Today's online Scripture jigsaw

From the Word

1 In the beginning was the Word, and the Word was with God, and the Word was God. 2 He was in the beginning with God; 3 all things were made through him, and without him was not anything made that was made. 4 In him was life, and the life was the light of men.

John 1:1–4, RSV

From Luther

Just as we interpret the words of Christ, when he says, “I am the life,” so also should we interpret these words, and say nothing philosophically of the life of the creatures in God; on the contrary, we should consider how God lives in us and makes us partakers of his life, so that we live through him, of him, and in him. For it cannot be denied that through him natural life also exists, which even unbelievers have from him. Natural life is a part of eternal life, its beginning, but on account of death it has an end, because it does not acknowledge and honor him from whom it comes; sin cuts it off so that it must die forever. On the other hand, those who believe in him, and acknowledge him from whom they have their being, shall never die; but this natural life of theirs will be extended into eternal life, so that they will never taste death. “He that believeth in me, though he die, yet shall he live.” These and similar passages are well understood when we rightly learn to know Christ, how he overcame death and has brought us to life.
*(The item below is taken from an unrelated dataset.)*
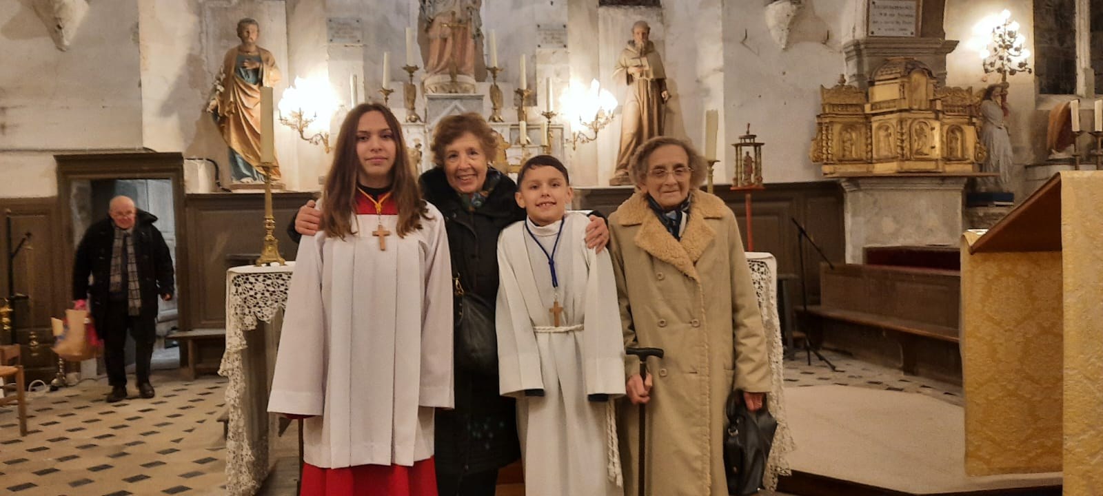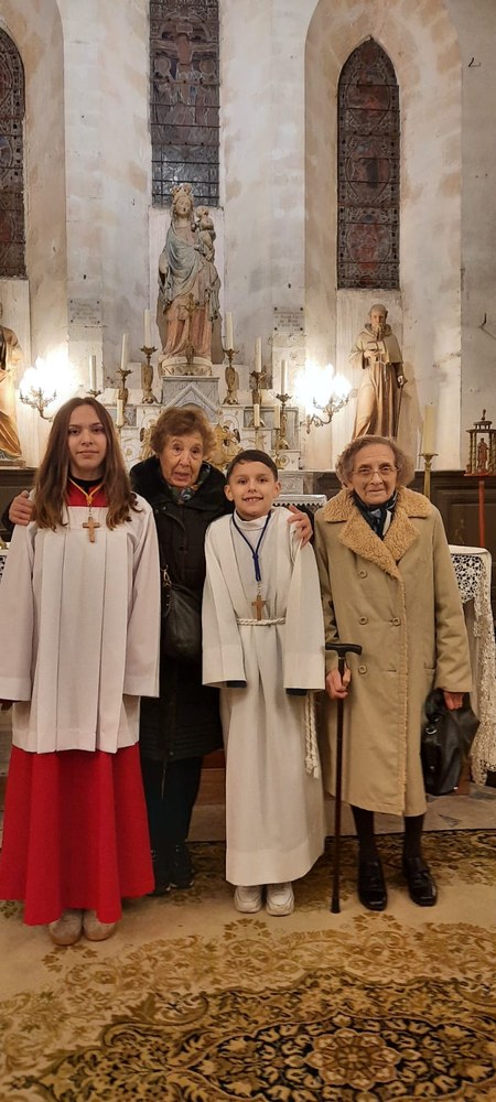 Samedi dernier lors de la messe anticipée de l'Epiphanie à Villevallier, Maxence servant d'autel que nous connaissons tous, a communié pour la première fois entouré de sa famille et de la communauté paroissiale

When the evangelist says, “In him was life,” and not, “In him is life,” as though he spoke of things past, the words must not be taken to mean the time before creation, or the time of the beginning; but they must be referred to the time of Christ’s life or sojourn upon earth, when the Word of God appeared to men and among men; for the evangelist proposes to write about Christ and that life in which he accomplished all things necessary for our life.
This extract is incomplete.